PaddleOCR/docs/version3.x/deployment/mcp_server.en.md

195 lines
10 KiB
Markdown
Raw Normal View History

# PaddleOCR MCP Server
[![PaddleOCR](https://img.shields.io/badge/OCR-PaddleOCR-orange)](https://github.com/PaddlePaddle/PaddleOCR)
[![FastMCP](https://img.shields.io/badge/Built%20with-FastMCP%20v2-blue)](https://gofastmcp.com)
This project provides a lightweight [Model Context Protocol (MCP)](https://modelcontextprotocol.io/introduction) server designed to integrate the powerful capabilities of PaddleOCR into a compatible MCP Host.
### Key Features
- **Currently Supported Pipelines**
- **OCR**: Performs text detection and recognition on images and PDF files.
- **PP-StructureV3**: Recognizes and extracts text blocks, titles, paragraphs, images, tables, and other layout elements from an image or PDF file, converting the input into a Markdown document.
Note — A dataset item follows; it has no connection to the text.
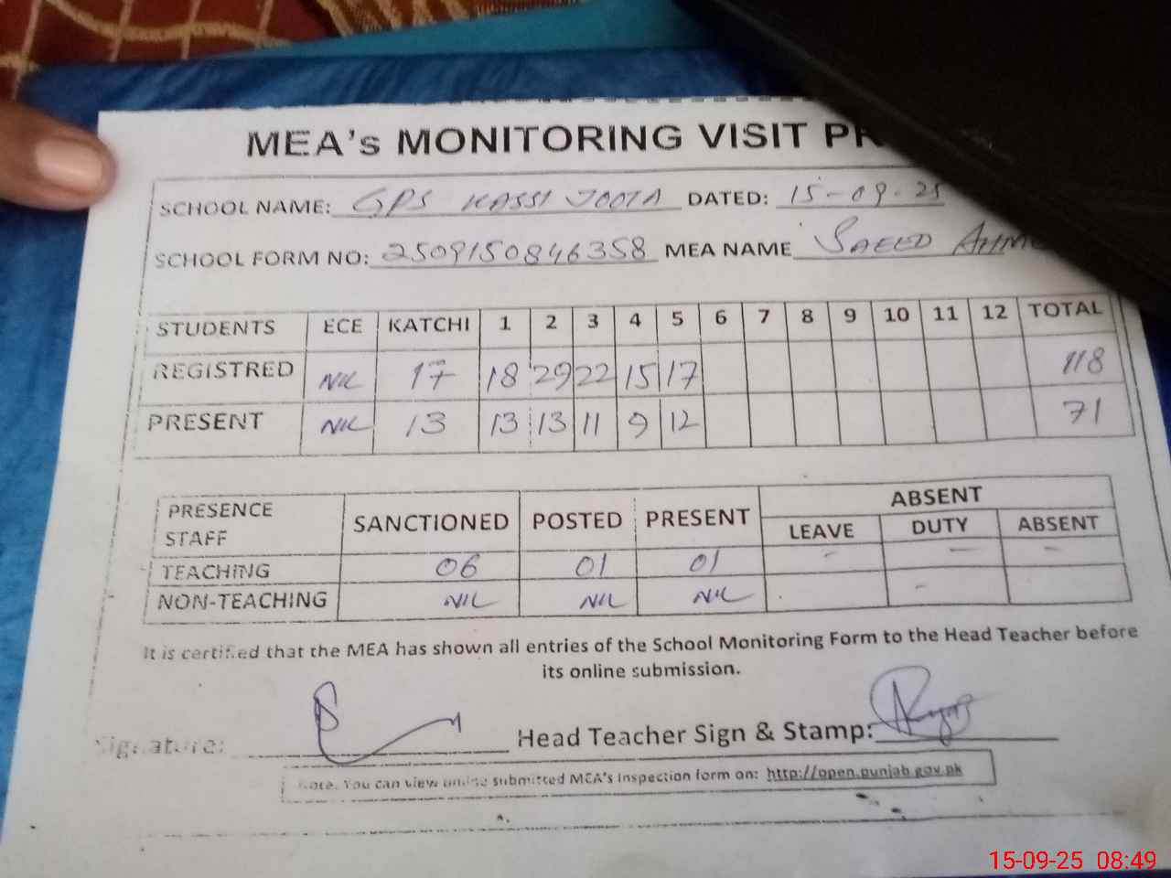 | EMIS Code: 36410323 | Name of School: GPS KASSI JOOTA, NAWAN SHEHR | |||

- **Supports the following working modes**:
- **Local**: Runs the PaddleOCR pipeline directly on your machine using the installed Python library.
- **AI Studio**: Calls cloud services provided by the Paddle AI Studio community.
- **Self-hosted**: Calls a PaddleOCR service that you deploy yourself (serving).
### Table of Contents
- [1. Installation](#1-installation)
- [2. Quick Start](#2-quick-start)
- [3. Configuration](#3-configuration)
- [3.1. MCP Host Configuration](#31-mcp-host-configuration)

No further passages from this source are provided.